The next step in my operation room was to remove my gallbladder. They don't want any excess bile spraying all over the place, and it is in the way during the procedure. Snip and it was gone.
Then they mapped the biliary tree with contrast fluid in the liver segments they were going to cut. This made sure they would cut as few as the biliary ducts as necessary to avoid leakages. Clips and X-ray images helped to map them. Then an ingenious device was used to vibrate away the liver tissue, instead of cutting it. This way the biliary ducts and blood vessels would be untouched until absolutely necessary.
At 14:43 they finished this process, and signalled to the other operation room that they were ready for transfer. Alexander's preparations were long finished by then, and they were basically waiting for us.
It took the surgeon four minutes to cut all the blood vessels and bile ducts. My liver's sections two and three were put in plastic, and fluids were pumped through them to clean them of residual blood.
After a thorough inspection on the back table, the 280 gram liver was then quickly transported next door, where the surgeons had already taken out Alexander's old liver.

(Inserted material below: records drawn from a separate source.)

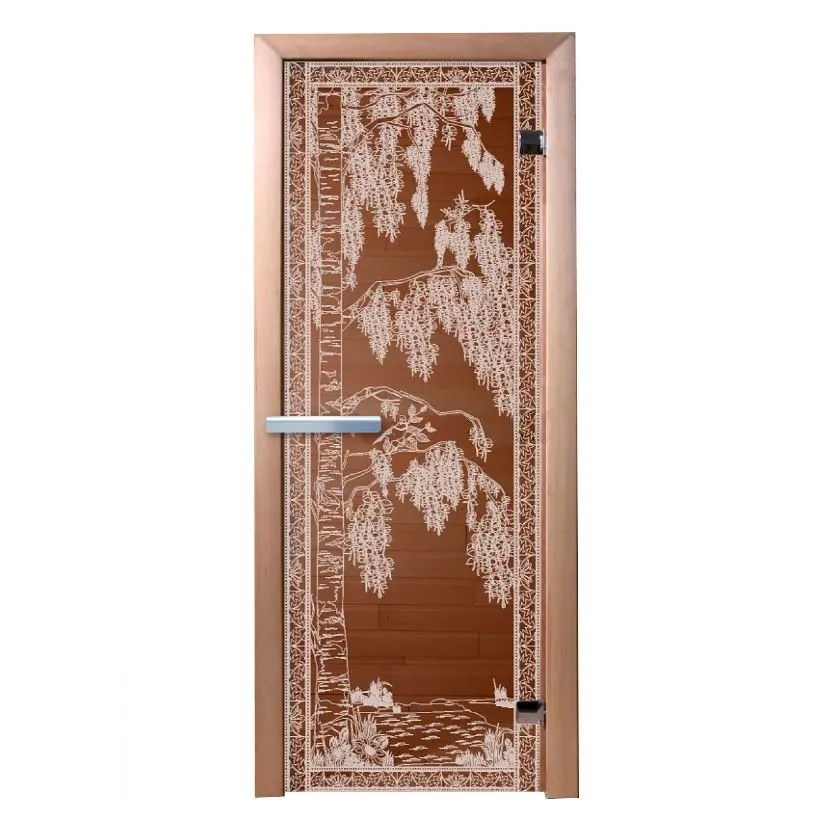 Дверь банная стеклянная Березка 1900х700х6мм с коробом, 2 петли, бронза, правая
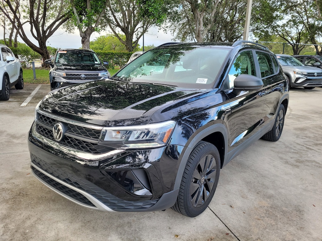 CARFAX One-Owner. Certified. Deep Black 2022 Volkswagen Taos 1.5T S 1.5L I4 Turbocharged DOHC 16V LEV3-SULEV30 158hp 8-Speed Automatic with Tiptronic FWD 17" Silver Alloy Wheels, 3.23 Axle Ratio, 4-Wheel Disc Brakes, 6 Speakers, ABS brakes, Air Conditioning, Alloy wheels, AM/FM radio, Brake assist, Bumpers: body-color, Cloth Seating Surfaces, Compass, Delay-off headlights, Driver door bin, Driver vanity mirror, Dual front impact airbags, Dual front side impact airbags, Electronic Stability Control, Emergency communication system: Car-Net, Exterior Parking Camera Rear, Front anti-roll bar, Front Bucket Seats, Front Center Armrest, Front reading lights, Front Strut Rear Torsion Beam Suspension, Front wheel independent suspension, Fully automatic headlights, Illuminated entry, Low tire pressure warning, Occupant sensing airbag, Outside temperature display, Overhead airbag, Overhead console, Panic alarm, Passenger door bin, Passenger vanity mirror, Power door mirrors, Power steering, Power windows, Radio data system, Radio: Composition Color AM/FM, Rear anti-roll bar, Rear seat center armrest, Rear window defroster, Rear window wiper, Remote keyless entry, Roof rack: rails only, Speed control, Speed-sensing steering, Split folding rear seat, Spoiler, Steering wheel mounted audio controls, Tachometer, Telescoping steering wheel, Tilt steering wheel, Traction control, Trip computer, and Variably intermittent wipers.
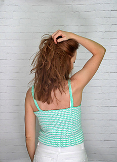 Además del patrón escrito se incluye un gráfico de las tramas del cuerpo del top y los tirantes y videotutoriales que explican cómo tejer las diferentes partes.
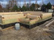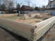 Из 9х14см, 14х14 см или 14х19 см. Сборка сруба в теплый угол на нагеля или гвозди 200 мм со сверлением отверстия в верхнем брусе (в зависимости от вида бруса).
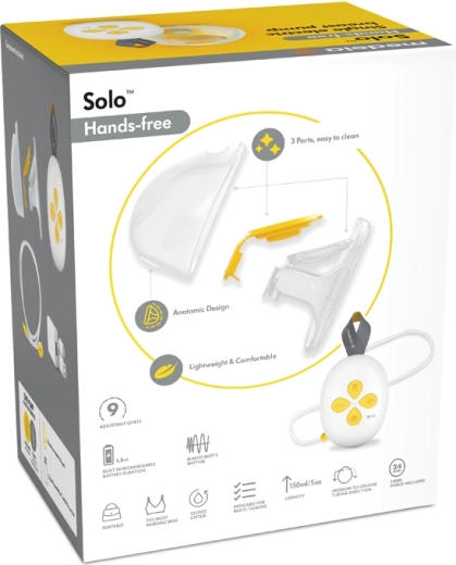Solo hands-free er en smart løsning til mødre, der ønsker bevægelsesfrihed og effektiv pumpning uden kompromiser. Den anatomisk designede opsamlingsbeholder følger brystets form, skåner det følsomme væv og fremmer bedre vakuum og højere udbytte takket være den videnskabeligt dokumenterede 105° vinkel. Med en vægt på kun 76 g hører den til blandt de letteste på markedet, passer komfortabelt i de fleste amme-BH'er og forbliver diskret selv ved multitasking.
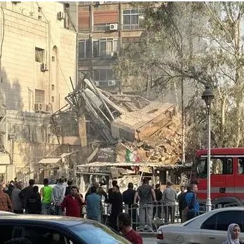 这是4月1日在叙利亚首都大马士革拍摄的空袭现场(手机拍摄)。叙利亚通讯社当日报道,以色列当天空袭伊朗驻叙利亚大使馆领事部门建筑。叙军方说,袭击造成大量人员伤亡。新华社发(胡马姆摄)

My surgeon continued to clean me up, made sure there were no leakages (For instance, by injecting my biliary tree with salt water, to see if it would leak out anywhere. It didn't), and put a drain into my belly, just in case. The drain would stay in a few days, and was basically a plastic tube connected to my stomach cavity. If any fluids would drip down they would be taken away by the drain. Also, they took one of my lesser used arteries (Especially around the intestines there exist a few redundant arteries) out, so they would have spare parts in case Alexander would develop complications. They then had a easy strong peace of artery to fashion a new connection. A thick suture (stitching) was then used to zip me up inside, and my outer skin was pulled together with some thin self absorbing wire.
At 15:00 my operation was finished. I had only lost 100ml of blood during the whole procedure. I was moved to Intensive Care as I started to wake up. I was extremely tired, but very happy to see Zuzana again. The operation had lasted a little more than eight hours. We still had to wait quite a while to hear from Alexander. I drifted in and out of sleep for the next day until they moved me to the ward.
For Alexander there was still a lot of work to be done. His old liver was taken out, the new one had to be placed. The connection between his intestines and the old liver needed to be cut and put back in place in the new one. This was a very tricky process. The main arteries leading to the liver were sewn together by the surgeon. For the smaller blood vessels and bile ducts they called in a plastic surgeon. He used a powerful microscope and very steady hands to sew them together too. The procedure went by the book. Alexander developed no complications during surgery, and eight hours later they were done. The team always made three echo's (Doppler echocardiography is a procedure that uses ultrasound technology to examine the heart or blood vessels. An echocardiogram uses high frequency sound waves to create an image of the heart while the use of Doppler technology allows determination of the speed and direction of blood flow by utilising the Doppler effect) to make sure everything is doing what it's supposed to be doing. He did loose 400 ml of blood, half of that was still in his old liver.
Because my liver was a little bit to big for Alexander, they had to leave his cut open. Forcing it closed would have almost certainly damaged the sutures (They are really very tiny stitches, stitching together tiny tiny arteries. It's fragile) on the blood veins. The wound was covered in plastic, so the risk of infection would be minimal. A few days later it would be safe and healed enough to close him up.